Of the lines in the material below, print only those from the one containing "有屏幕显示的是SMRT的巴士,大部分SBS的bus没有屏幕显示的。" to the one containing "和你们一样,我刚看到这个书名", ends included, exactly as written and without pictures.

╭─ Raw data

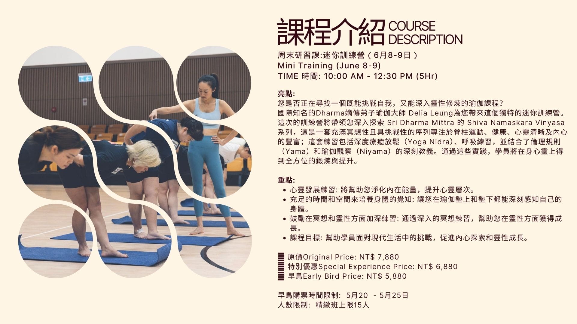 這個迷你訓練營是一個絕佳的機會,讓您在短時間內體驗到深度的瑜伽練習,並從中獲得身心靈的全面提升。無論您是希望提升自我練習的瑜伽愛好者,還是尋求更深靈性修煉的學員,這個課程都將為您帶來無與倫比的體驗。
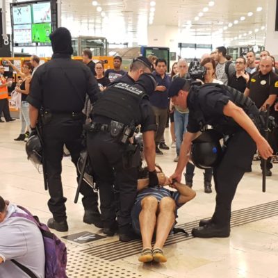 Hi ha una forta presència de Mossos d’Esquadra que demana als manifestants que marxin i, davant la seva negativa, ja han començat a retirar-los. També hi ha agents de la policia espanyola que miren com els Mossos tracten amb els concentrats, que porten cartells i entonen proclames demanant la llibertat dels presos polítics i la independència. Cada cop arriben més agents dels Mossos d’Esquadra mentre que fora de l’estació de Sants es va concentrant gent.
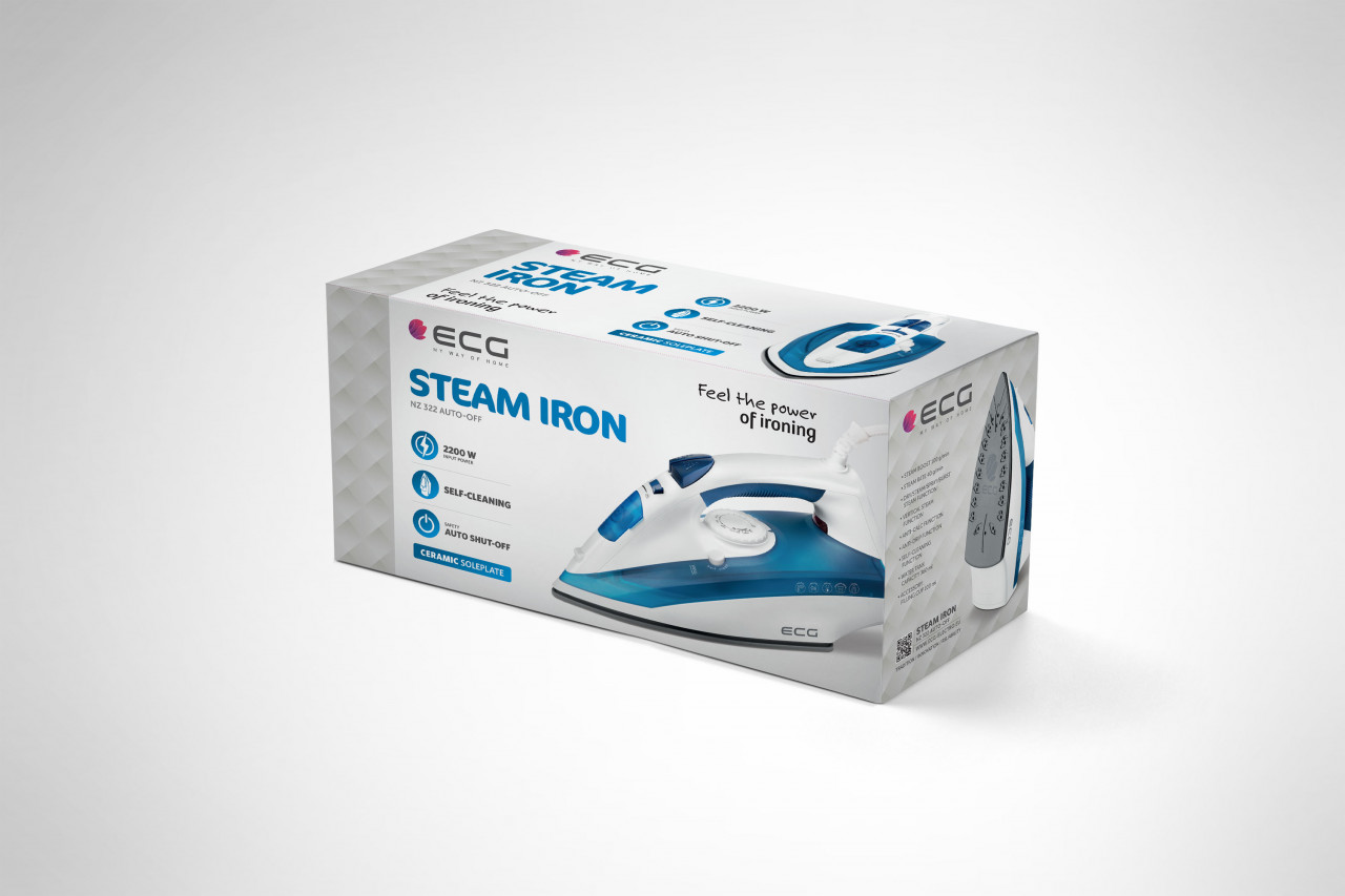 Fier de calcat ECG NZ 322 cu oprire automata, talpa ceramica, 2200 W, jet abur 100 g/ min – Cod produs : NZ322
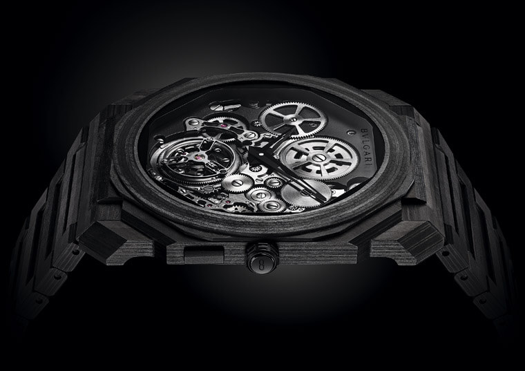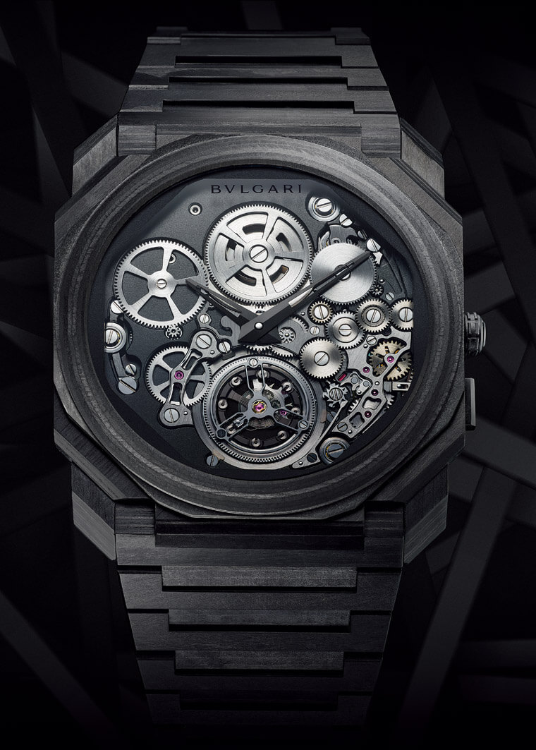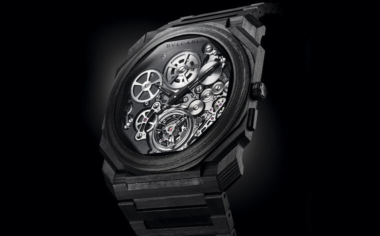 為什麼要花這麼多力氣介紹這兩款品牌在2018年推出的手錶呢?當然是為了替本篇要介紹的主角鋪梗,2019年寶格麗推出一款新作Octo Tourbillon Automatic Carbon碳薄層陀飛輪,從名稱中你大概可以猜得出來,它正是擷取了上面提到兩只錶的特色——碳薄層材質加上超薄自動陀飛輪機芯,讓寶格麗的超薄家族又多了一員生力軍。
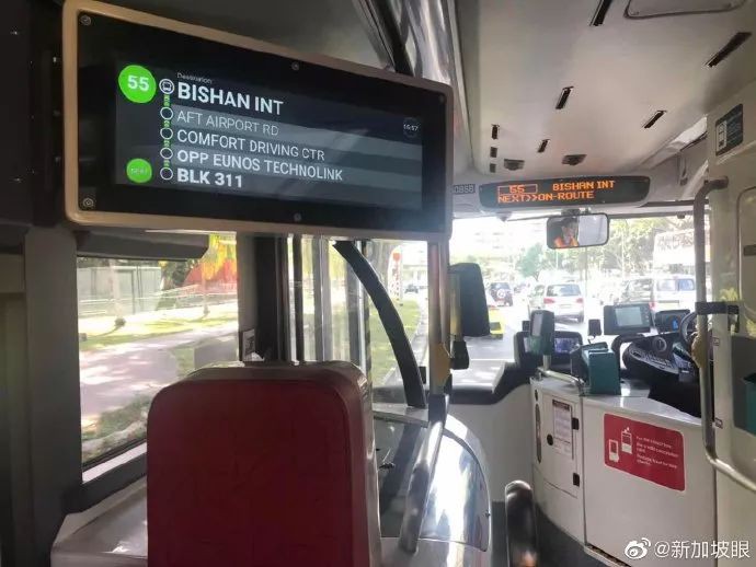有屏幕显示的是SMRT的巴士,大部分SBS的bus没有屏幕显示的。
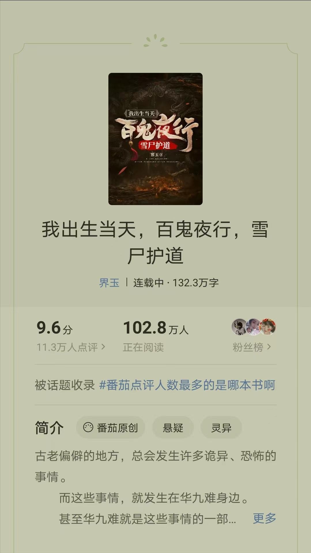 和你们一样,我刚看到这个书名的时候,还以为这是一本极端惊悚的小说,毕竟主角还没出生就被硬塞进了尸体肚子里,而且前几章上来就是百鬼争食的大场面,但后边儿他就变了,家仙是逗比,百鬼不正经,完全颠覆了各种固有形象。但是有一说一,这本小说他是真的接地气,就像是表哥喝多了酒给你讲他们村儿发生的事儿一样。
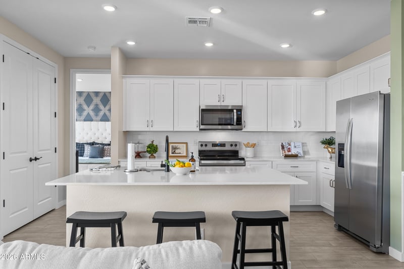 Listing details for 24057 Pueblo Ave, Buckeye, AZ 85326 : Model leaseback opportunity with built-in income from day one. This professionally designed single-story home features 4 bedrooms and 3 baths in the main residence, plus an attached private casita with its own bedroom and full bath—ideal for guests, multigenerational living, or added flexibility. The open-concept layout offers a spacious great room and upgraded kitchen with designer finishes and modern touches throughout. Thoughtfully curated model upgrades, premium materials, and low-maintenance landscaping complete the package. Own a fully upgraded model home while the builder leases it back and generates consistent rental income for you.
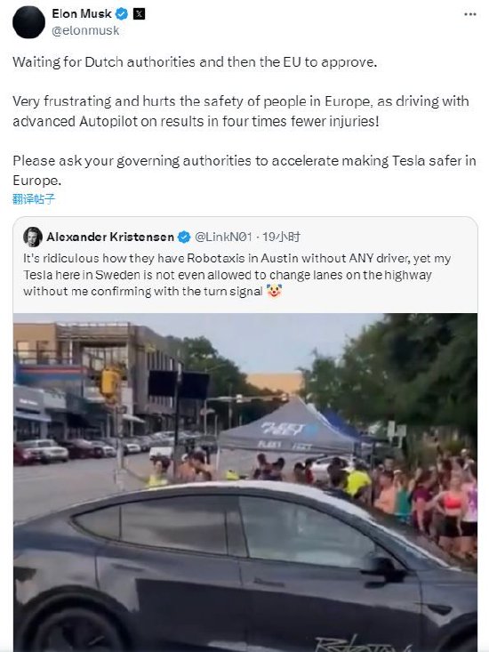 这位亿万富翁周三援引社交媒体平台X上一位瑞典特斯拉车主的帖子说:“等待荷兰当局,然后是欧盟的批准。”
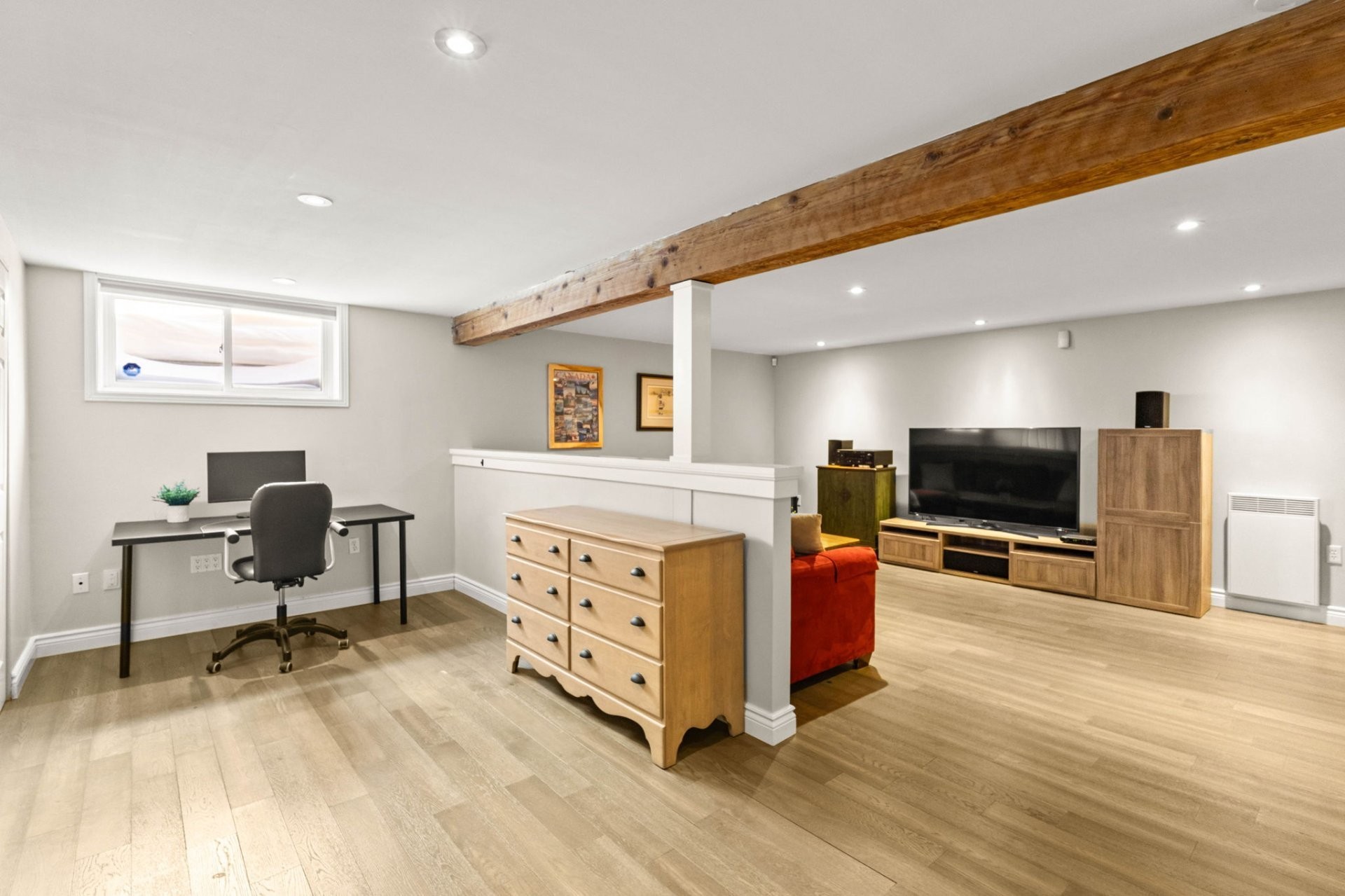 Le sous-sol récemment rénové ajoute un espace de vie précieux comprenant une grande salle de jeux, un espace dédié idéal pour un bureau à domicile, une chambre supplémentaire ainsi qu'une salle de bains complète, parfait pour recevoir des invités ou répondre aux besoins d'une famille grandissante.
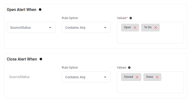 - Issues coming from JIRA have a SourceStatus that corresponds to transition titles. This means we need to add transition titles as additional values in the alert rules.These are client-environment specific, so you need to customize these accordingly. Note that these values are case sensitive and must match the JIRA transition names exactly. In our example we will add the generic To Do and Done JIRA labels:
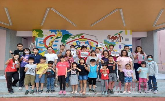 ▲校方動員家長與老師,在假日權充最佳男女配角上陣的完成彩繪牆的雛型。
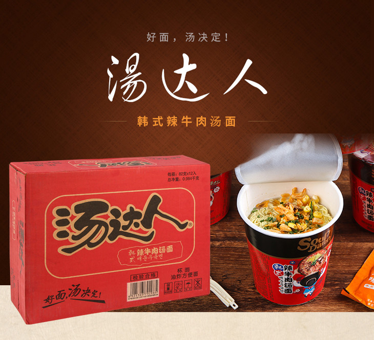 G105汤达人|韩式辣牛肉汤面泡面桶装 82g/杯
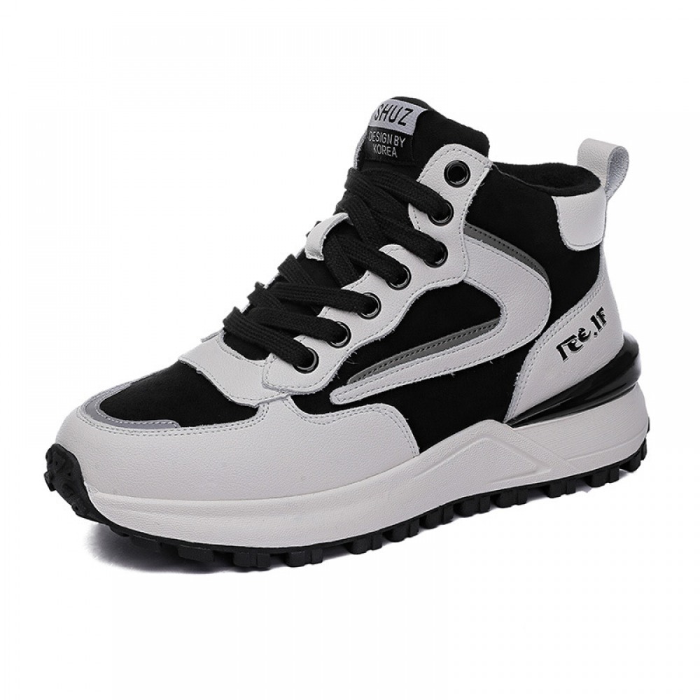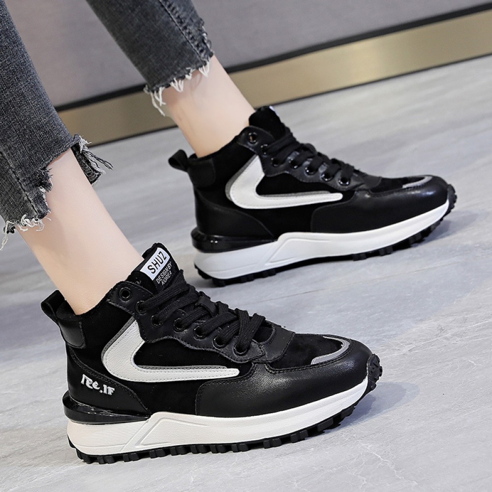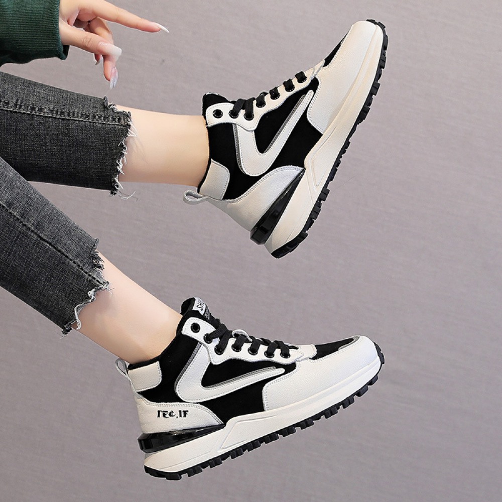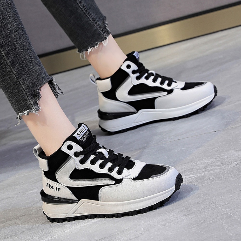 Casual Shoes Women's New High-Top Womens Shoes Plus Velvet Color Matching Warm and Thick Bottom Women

╰─

* _Answer to the exercise_:
有屏幕显示的是SMRT的巴士,大部分SBS的bus没有屏幕显示的。
 和你们一样,我刚看到这个书名的时候,还以为这是一本极端惊悚的小说,毕竟主角还没出生就被硬塞进了尸体肚子里,而且前几章上来就是百鬼争食的大场面,但后边儿他就变了,家仙是逗比,百鬼不正经,完全颠覆了各种固有形象。但是有一说一,这本小说他是真的接地气,就像是表哥喝多了酒给你讲他们村儿发生的事儿一样。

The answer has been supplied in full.